Monday, February 12, 2024



Suggested translation of passage by Philippe Djian


Some evenings she could have cried tears of rage. She felt her life was a real disaster and this made her panic somewhat. And yet the filming was going well: the rushes were good and more and more people were congratulating her for her work, and saying they bet she could[1] get an award  for her acting out of it and be back in the spotlight again.


This promising future, though, did not thrill her as much as she had thought it would. Now that it was within her reach, the prospect left her nonplussed; she no longer found it so attractive. She had almost lost that furious appetite for success which ate away at ninety nine per cent of artists on the planet- and a hundred per cent in the world of cinema.



Eric Duncalah was perfectly correct in thinking that a sign from Evy would be able to make her happy, in so far as that was possible. They missed each other in the mornings, since at Dawn she was like a stone at the bottom of a well, crushed by leaden sleep or thoroughly drunk with fatigue. When she heard the coffee machine in action, it was too late. In the evenings she would do her best to clear her schedule and find time to be with her son, but she had not yet managed to have a serious conversation with him about all this, not to mention the fact that they had André under their feet. What a pain in the neck  he was, that man.

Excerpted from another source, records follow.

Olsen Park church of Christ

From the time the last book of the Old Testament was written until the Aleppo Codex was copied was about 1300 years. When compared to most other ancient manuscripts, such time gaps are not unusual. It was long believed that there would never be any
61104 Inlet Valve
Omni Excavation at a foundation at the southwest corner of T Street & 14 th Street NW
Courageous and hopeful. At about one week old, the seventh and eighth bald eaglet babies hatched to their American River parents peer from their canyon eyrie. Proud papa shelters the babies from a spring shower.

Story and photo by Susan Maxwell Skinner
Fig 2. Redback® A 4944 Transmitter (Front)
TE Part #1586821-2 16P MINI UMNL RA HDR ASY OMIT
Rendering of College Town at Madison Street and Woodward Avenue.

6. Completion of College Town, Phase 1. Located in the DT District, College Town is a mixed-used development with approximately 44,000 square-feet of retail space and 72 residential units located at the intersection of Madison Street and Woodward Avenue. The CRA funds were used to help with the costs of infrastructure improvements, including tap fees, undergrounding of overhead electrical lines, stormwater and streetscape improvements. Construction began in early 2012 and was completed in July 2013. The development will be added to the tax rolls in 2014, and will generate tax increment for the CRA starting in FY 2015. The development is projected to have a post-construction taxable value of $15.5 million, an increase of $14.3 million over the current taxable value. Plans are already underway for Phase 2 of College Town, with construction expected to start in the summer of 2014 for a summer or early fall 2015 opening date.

Judith Beverini made use of their yoga sessions to urge her to get rid of the old bastard- as if anyone in the house needed a sports room, as if muscle was what the house was short of!







“I wouldn’t put up with it if I were you ,” said Judith. “And it’s so weird, I reckon. It’d be different if Rose was there. Really he’s just lurking around the house. At least that’s what it looks like. How old is he. Brr... he must be 70. Isn’t he?

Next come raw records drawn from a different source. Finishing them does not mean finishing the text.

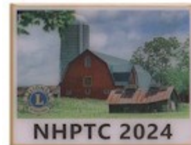
New Hampshire Pin Traders Present the Barns and Silos of The Granite State March 2024-FG
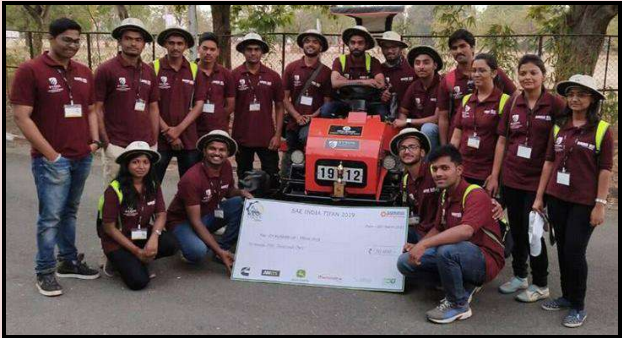
Team DYP CET has secured 2 nd Runner up prize in TIFAN 2019 which is held at MPKV, Rahuri.
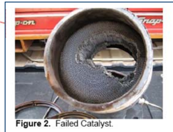
Figure 2. Failed Catalyst.
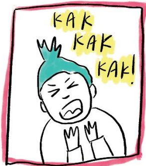
Dry, itchy cough

A lot of the symptoms are similar to the flu (which you might have had before!)
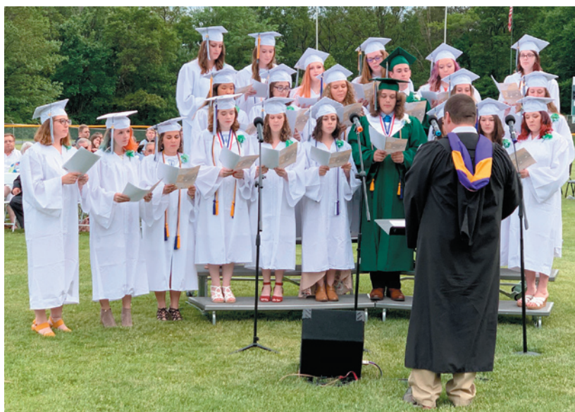
Senior Chorurs and Chamber singers sing "I Was Here"
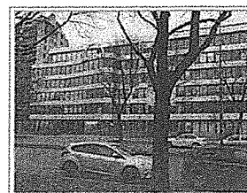
Headquarters of MAN SE in Munich

On 6 June 2012 Volkswagen AG announced that it had increased its share of voting rights in MAN SE to 75.03%, paving the way for a domination agreement to be put in place. [22]
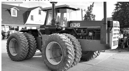
'85 Versatile 836, 210 hp, 18.4R38, 3-pt. duals, 4-rem., $19,500.
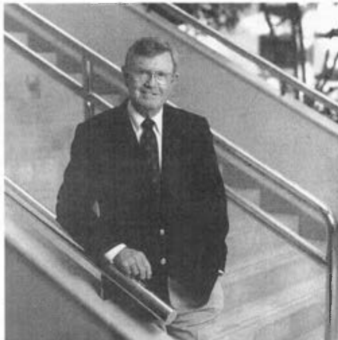
Darrell K. Royal
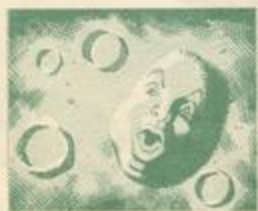
A FACE ON THE FACE OF MARS? Martian moonlit smiles for the camera of Viking 1 space probe in 1977.

A RUSSIAN SPACE PROBE has sent back actual re-touched photographs of an ancient intergalactic Coney Island—on the surface of the planet Mars!
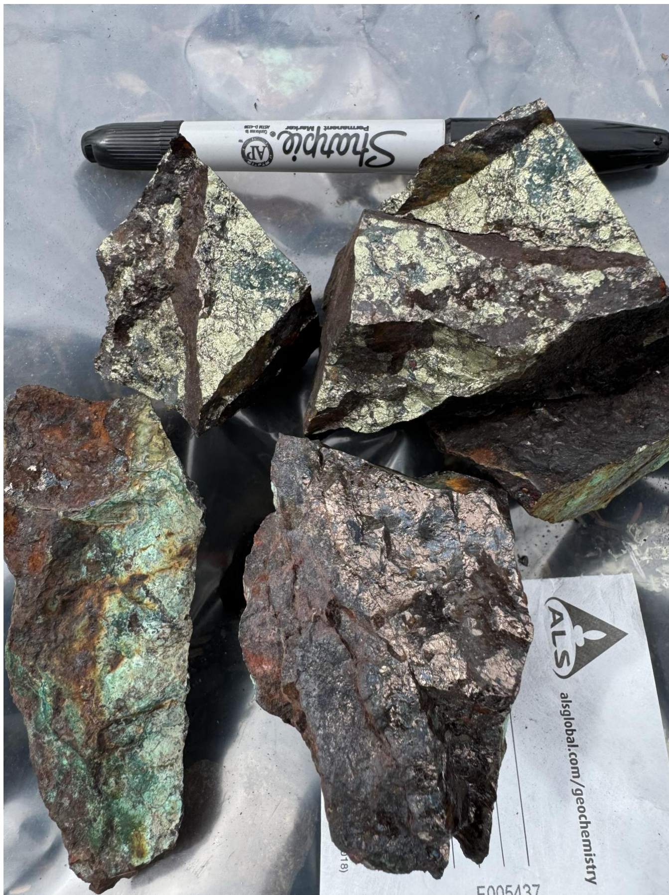
Figure 7 – Rock sample F005437 from a mineralised outcrop of massive chalcopyrite-bornite at the Glacier Target.
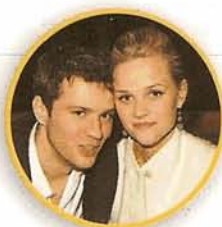
Reese Witherspoon & Ryan Phillippe

TC: With the baby, I give it maybe an extra six months. I think she'll jump eventually. And then Ben is going to have to go back to work. His career was dating famous women. CN: It's Bennifer Two! And everyone knows that 2005 was the year for better sequels. PP: The two of them have dubious relationship histories, but they seem to be low-key and on track together. JR: I give Ben and Matt Damon better odds at lasting love than I give Ben and Jennifer.
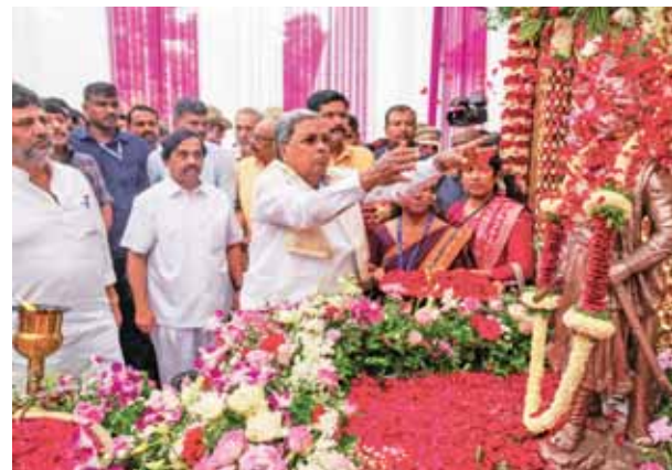
Karnataka Chief Minister Siddaramaiah pays floral tribute during the 515th birth anniversary celebration of Bengaluru's founder Nadaprabhu Kempegowda, at Kanteerava Stadium, in Bengaluru
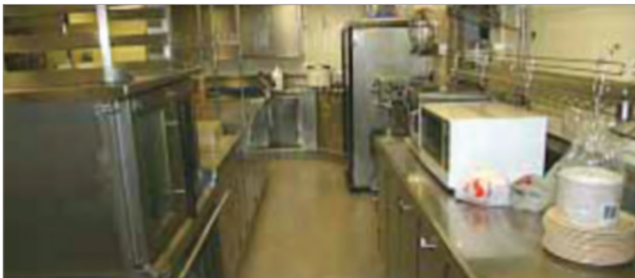
Clean food preparation area.

With regard to food temperatures, crew must be aware that there is a "danger zone". Hot food must be kept above 63°C and cold food must be maintained below 5°C.
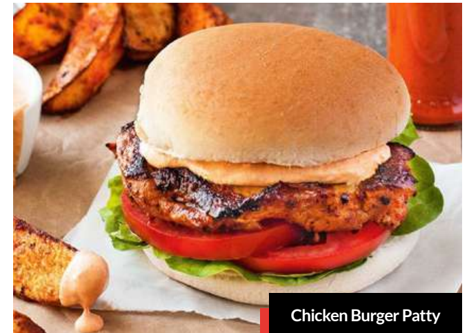
Chicken Burger Patty

Value added products are on great demand. We have a whole range of 100+ products available with us.
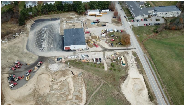
View of Public Works project
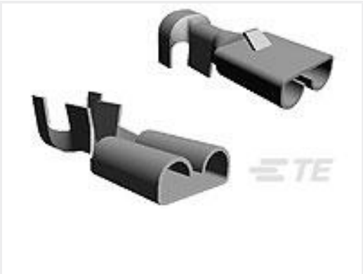
TE Part #180384-2 FF 250 REC 4-6MM2 PTBR LP

Judith’s husband had gone off again to put on The Nutcracker in Nankin, in China, with the communists , so the two women could talk on for hours about how men were intrinsically deceitful and gifted for rudeness and pretence. But all that could not stop Laure from thinking that first her husband and then her children had abandoned her one after the other, and this picture terrified her.

[1] There are other possibilities here, but the sequence of tenses seems to rule out structures with « may ».